Source records:
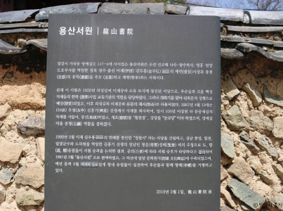밀양 용산서원은 조선 선조 시기에 나주와 광주목사, 그리고 영흥과 밀양의 도호부사를 지낸 경북 성주 출신의 이계 김우홍 선생의 충절과 애민사상을 기리고 제향 하기 위해 세워진 서원이다. 이 서원은 원래 1950년경 의성김씨 이계공파 소유의 토지 위에 창건된 서당에서 비롯되었으며, 후손들과 고을 백성 자제들에게 사설 교육을 제공하는 교육기관으로서 중요한 역할을 했다. 그러나 개화기를 맞아 서당은 점차 그 기능을 잃고 폐당되었다. 이후 용산서원은 의성김씨 이계공파 문중의 제사를 지내는 장소로 바뀌었고 마을 주민들이 모여 중요한 대소사를 결정하는 회의 장소로도 활용되었다.
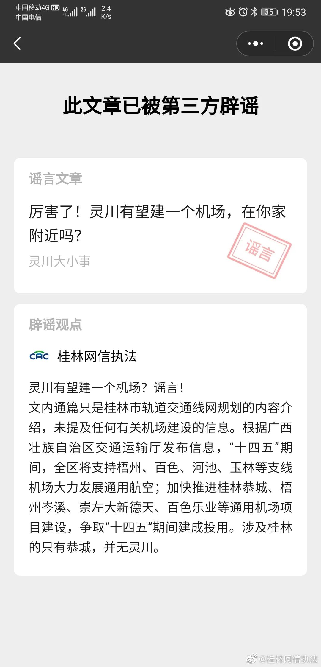 微信公眾號【靈川大小事】 2021年7月26日發(fā)布謠言信息【厲害了!靈川有望建一個機場,在你家附近嗎?】,桂林網(wǎng)信辦予以辟謠,微信公眾平臺對該公眾號進行處罰。
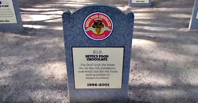 «Ψηλά, σ’ έναν λόφο του Βέρμοντ, υπάρχει ένα νεκροταφείο που είναι στοιχειωμένο από τα φαντάσματα παλαιών γεύσεων που κανένας δεν ήθελε» αναγράφεται σε μια χορταριασμένη έκταση πάνω από το εργοστάσιο παγωτού της φίρμας Ben & Jerry.
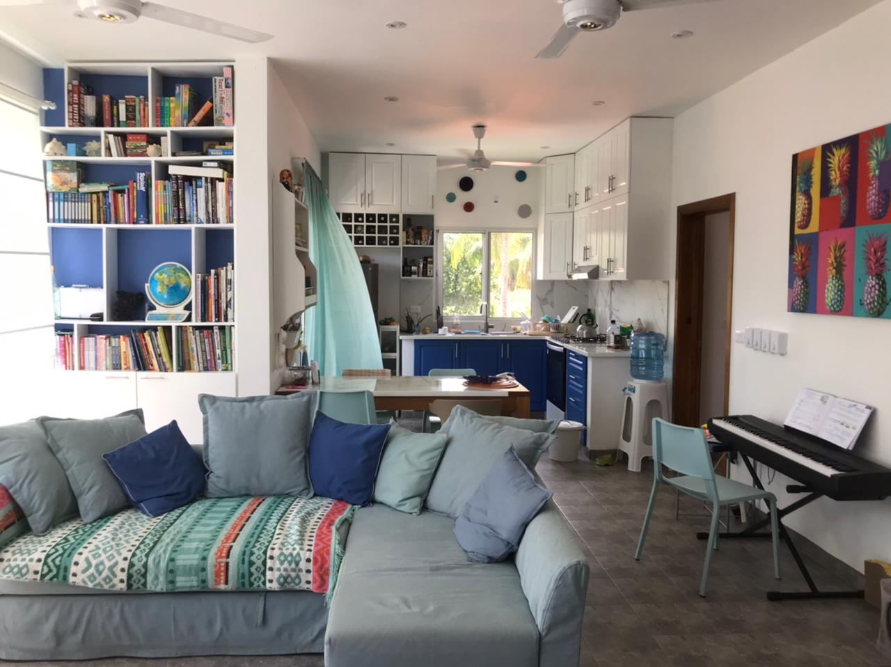 The villa features a spacious living room with high ceilings, a bright kitchen with breakfast bar, and a covered terrace that opens directly to the tropical garden and private pool. The outdoor area is designed for enjoyment, offering a gazebo, BBQ space, and outdoor shower—the perfect setting for hosting family and friends.
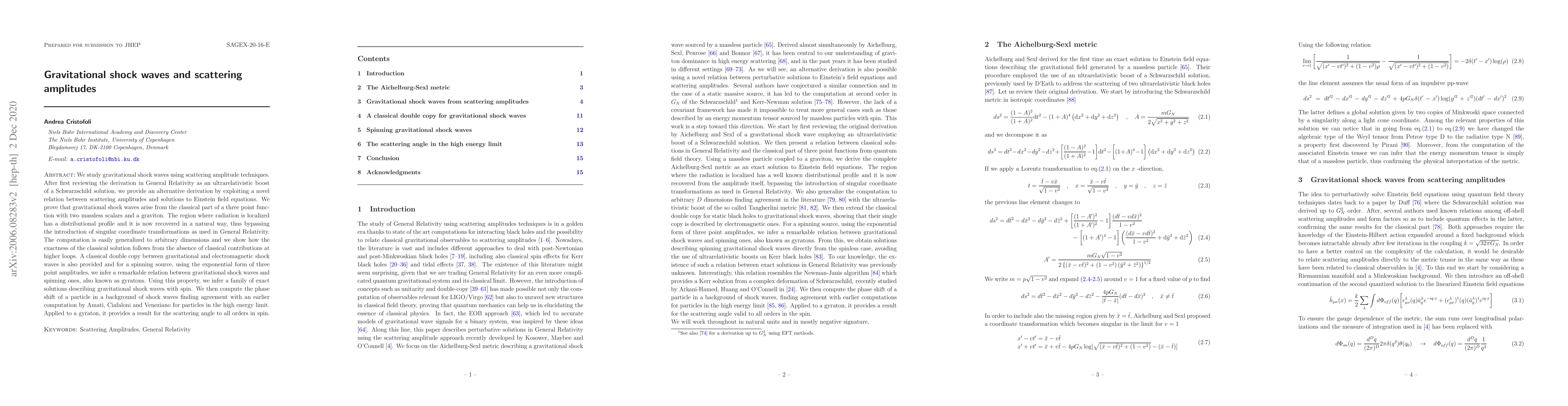 We study gravitational shock waves using scattering amplitude techniques. After first reviewing the derivation in General Relativity as an ultrarelativistic boost of a Schwarzschild solution, we provide an alternative derivation by exploiting a novel relation between scattering amplitudes and solutions to Einstein's field equations. We prove that gravitational shock waves arise from the classical part of a three point function with two massless scalars and a graviton. The region where radiation is localized has a distributional profile and it is now recovered in a natural way, thus bypassing the introduction of singular coordinate transformations as used in General Relativity. The computation is easily generalized to arbitrary dimensions and we show how the exactness of the classical solution follows from the absence of classical contributions at higher loops. A classical double copy between gravitational and electromagnetic shock waves is also provided and for a spinning source, using the exponential form of three point amplitudes, we infer a remarkable relation between gravitational shock waves and spinning ones, also known as gyratons. Using this property, we infer a family of exact solutions describing gravitational shock waves with spin. We then compute the phase shift of a particle in a background of shock waves finding agreement with an earlier computation by Amati, Ciafaloni and Veneziano for particles in the high energy limit. Applied to a gyraton, it provides a result for the scattering angle to all orders in spin.
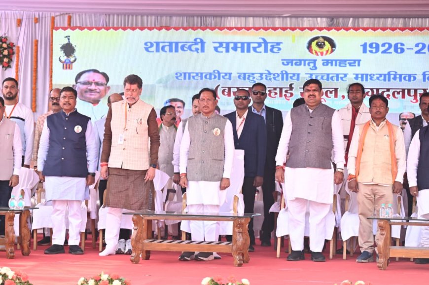 इस अवसर पर मुख्यमंत्री श्री विष्णुदेव साय ने जगतु माहरा शासकीय बहुउद्देश्यीय उच्चतर माध्यमिक विद्यालय जगदलपुर में शताब्दी समारोह पट्टिका का अनावरण किया। साथ ही स्वर्गीय ठाकुर देवेन्द्र सिंह और स्वर्गीया श्रीमती शारदा ठाकुर के स्मृति में दो स्मार्ट क्लास का लोकार्पण किया। मुख्यमंत्री श्री साय ने इस मौके पर विद्यालय परिसर में एक पेड़ मां के नाम परिजात प्रजाति के पौधे का पौधरोपण भी किया। वहीं शताब्दी समारोह के ध्वजारोहण सहित विद्या दायिनी मां सरस्वती के चित्र के समक्ष दीप प्रज्वलित कर विद्यालय के शताब्दी समारोह का विधिवत शुभारंभ किया। इस दौरान विद्यालय के स्मारिका का विमोचन किया गया।मुख्यमंत्री ने बेवरेज कॉर्पोरेशन के अध्यक्ष श्री श्रीनिवास राव मद्दी के पिता की स्मृति में आयोजित न्योता भोज कार्यक्रम में स्कूली बच्चों को भोजन परोसा। इसके अलावा जगतू माहरा बस्तर हाईस्कूल के सात पूर्व छात्र जो पुलिस और सुरक्षा बल में कार्यरत रहे जो सेवा अवधि में शहीद हुए। उनके छायाचित्र में मुख्यमंत्री श्री विष्णुदेव साय ने पुष्प अर्पित कर उन्हें श्रद्धांजलि अर्पित की।
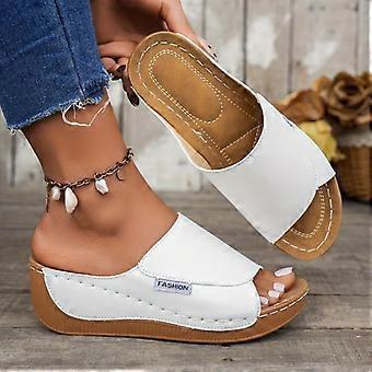 Women's Comfortable Arch Support Slide Sandals - Breathable, Stylish, Soft Sole, Mid-Heel, Open Toe With Faux Cover Straps - For Casual Atti
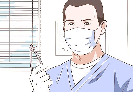 Talk about treatment options. If your infection is severe, you may have to undergo a procedure or surgery to correct the problem. You may even be referred to a specialized doctor such as a periodontist or an endodontist. Follow your dentist’s advice to receive the best care for your infection. Some common procedures include: Tooth extraction: the infected tooth is removed. Drainage: fluid that has built up in the gums or tooth is drained by the dentist. Root canal: infected root pulp is removed from the tooth, and the tooth is then filled with a rubber-like substance and antiseptic paste. Flap surgery: the gums are detached from the teeth in order to create enough space for a proper surgical intervention. The surgeon can then remove tartar, necrotic cementum, and infection from deep within the gums. Bone or tooth grafts: natural or synthetic bone is implanted to help promote bone growth.
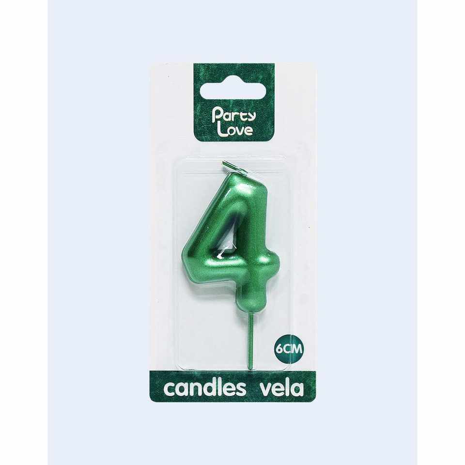 Candela Verde Numero 4 per Feste, Candele di Compleanno da 6 Cm
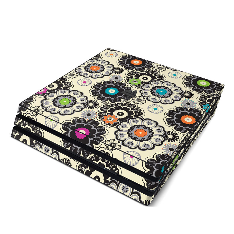 iStyles PlayStation 4 Pro Skin design of Pattern, Circle, Design, Visual arts, Floral design, Textile, Psychedelic art, Art, Plant, with gray, black, pink, green, purple colors, and tagged with patterns, flowers.
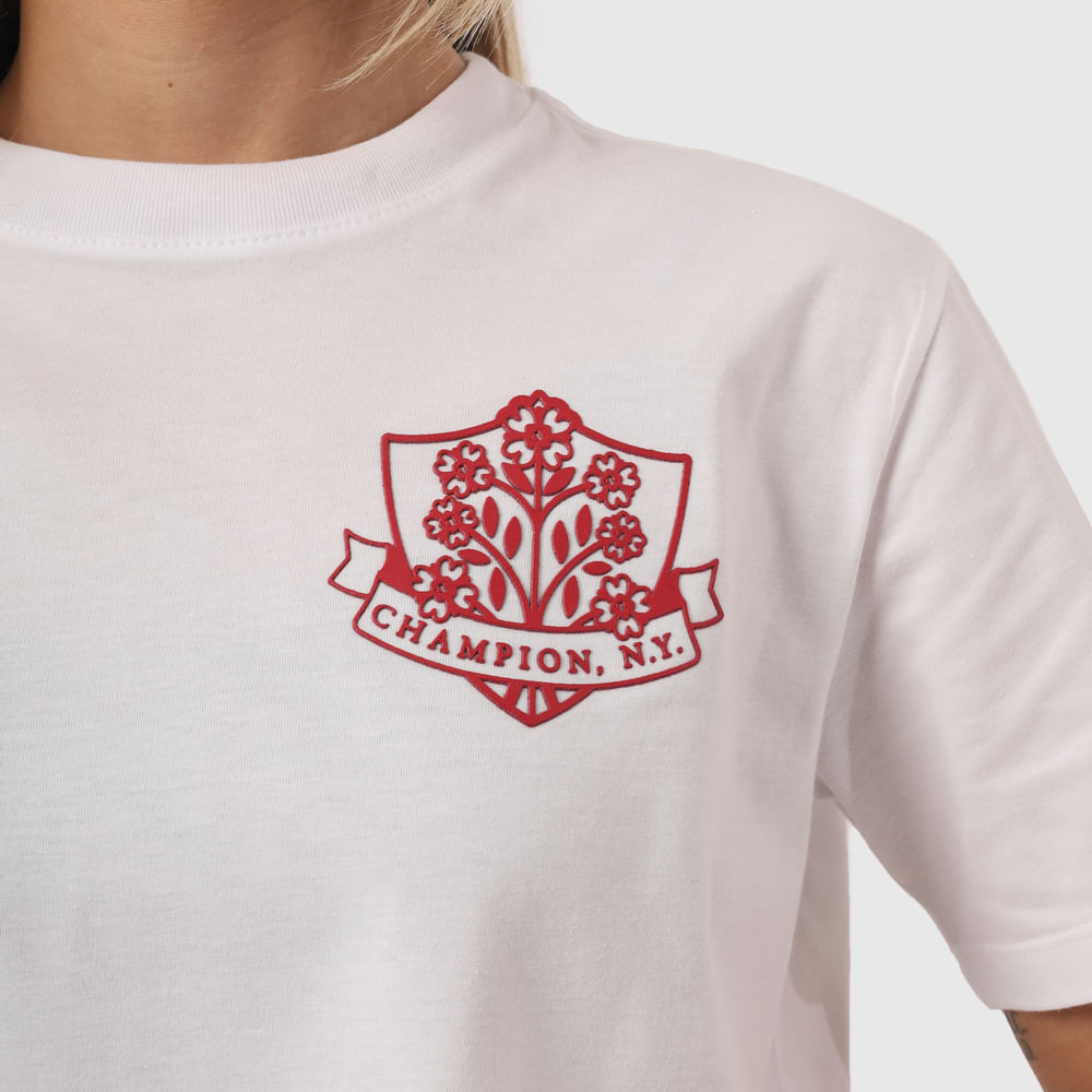 • Patch com logo Champion aplicado na manga.
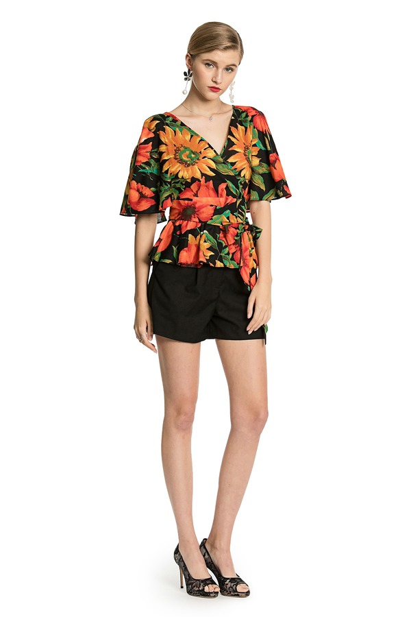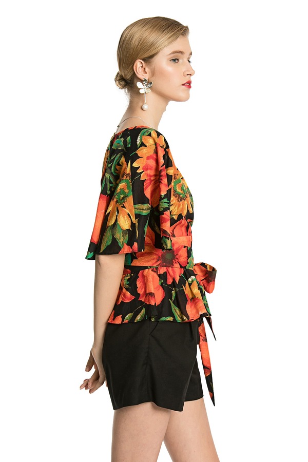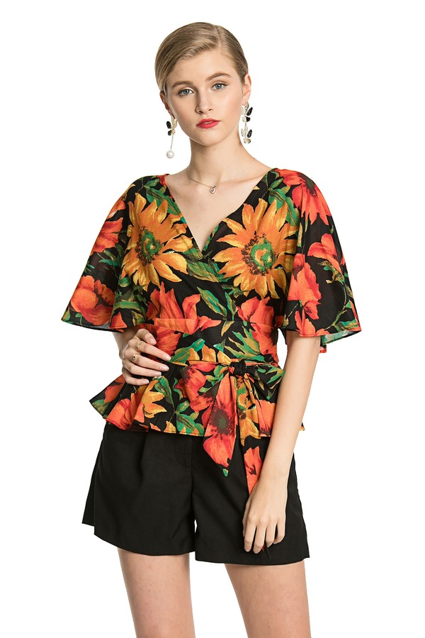MIGAINO曼娅奴 热带印花束腰上衣 2986

ACTIVITY:
Retype each line of the data exactly, beginning with the first; include the line containing "Ben & Jerry." and stop there, skipping every picture.

OUTPUT BELOW:
밀양 용산서원은 조선 선조 시기에 나주와 광주목사, 그리고 영흥과 밀양의 도호부사를 지낸 경북 성주 출신의 이계 김우홍 선생의 충절과 애민사상을 기리고 제향 하기 위해 세워진 서원이다. 이 서원은 원래 1950년경 의성김씨 이계공파 소유의 토지 위에 창건된 서당에서 비롯되었으며, 후손들과 고을 백성 자제들에게 사설 교육을 제공하는 교육기관으로서 중요한 역할을 했다. 그러나 개화기를 맞아 서당은 점차 그 기능을 잃고 폐당되었다. 이후 용산서원은 의성김씨 이계공파 문중의 제사를 지내는 장소로 바뀌었고 마을 주민들이 모여 중요한 대소사를 결정하는 회의 장소로도 활용되었다.
 微信公眾號【靈川大小事】 2021年7月26日發(fā)布謠言信息【厲害了!靈川有望建一個機場,在你家附近嗎?】,桂林網(wǎng)信辦予以辟謠,微信公眾平臺對該公眾號進行處罰。
 «Ψηλά, σ’ έναν λόφο του Βέρμοντ, υπάρχει ένα νεκροταφείο που είναι στοιχειωμένο από τα φαντάσματα παλαιών γεύσεων που κανένας δεν ήθελε» αναγράφεται σε μια χορταριασμένη έκταση πάνω από το εργοστάσιο παγωτού της φίρμας Ben & Jerry.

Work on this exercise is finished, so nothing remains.